**About this exercise:** Transcribe the whole listing below. Pictures do not go in the copy.

**Data shown:**
-=-=-
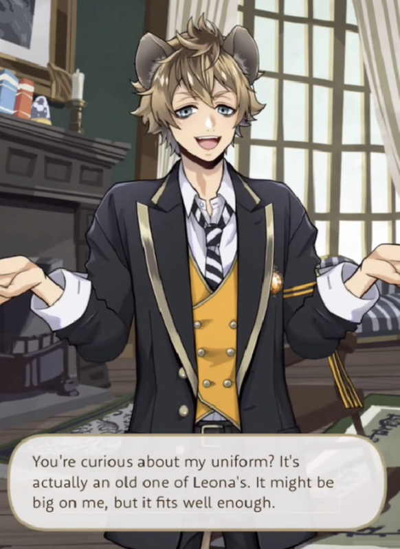 We have never seen Leona argue with the prices Ruggie charges for his services (such as ten thaumarks (1,000 madol) an hour during Fairy Gala) and he has also provided Ruggie with his old school uniform, possibly due to Ruggie being unable to afford one himself.
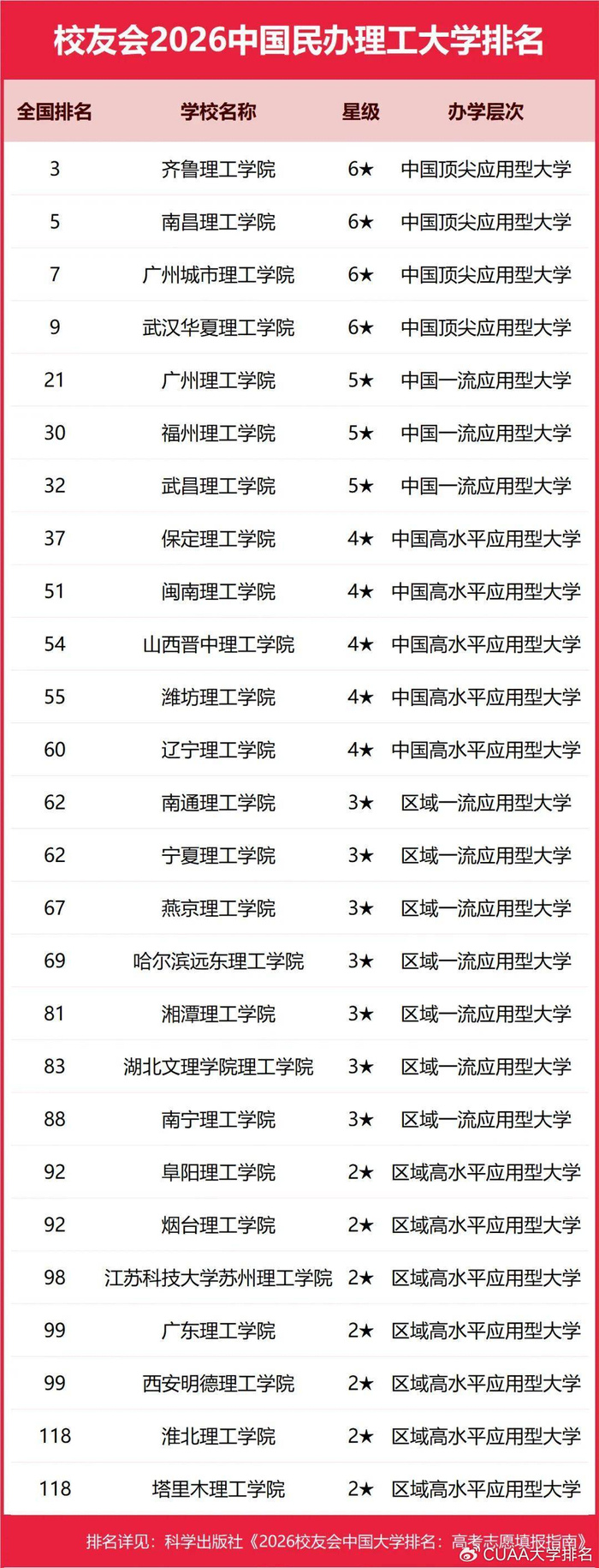 齐鲁理工学院问鼎2026中国民办理工大学排名第一,武汉华夏理工学院跻身前4强
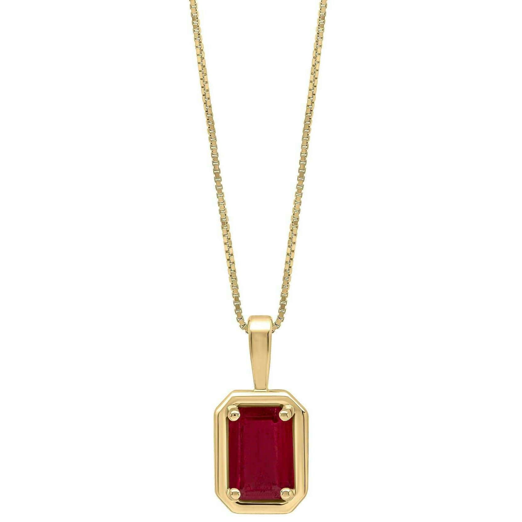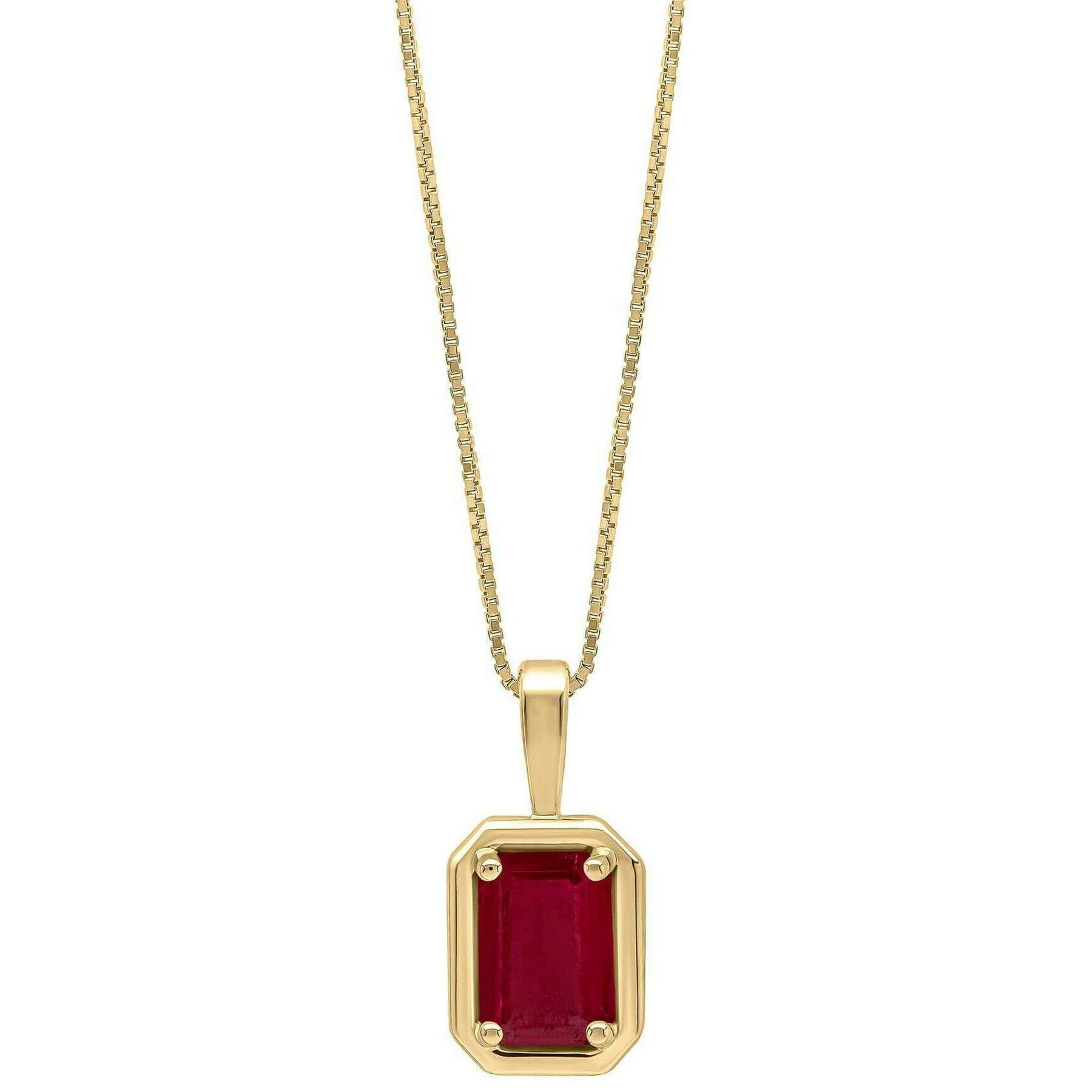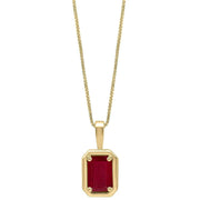 Elements Gold Chunky Border Ruby 9ct Gold Pendant - Gold/Red
-=-=-
**Reply to the task:**
 We have never seen Leona argue with the prices Ruggie charges for his services (such as ten thaumarks (1,000 madol) an hour during Fairy Gala) and he has also provided Ruggie with his old school uniform, possibly due to Ruggie being unable to afford one himself.
 齐鲁理工学院问鼎2026中国民办理工大学排名第一,武汉华夏理工学院跻身前4强
 Elements Gold Chunky Border Ruby 9ct Gold Pendant - Gold/Red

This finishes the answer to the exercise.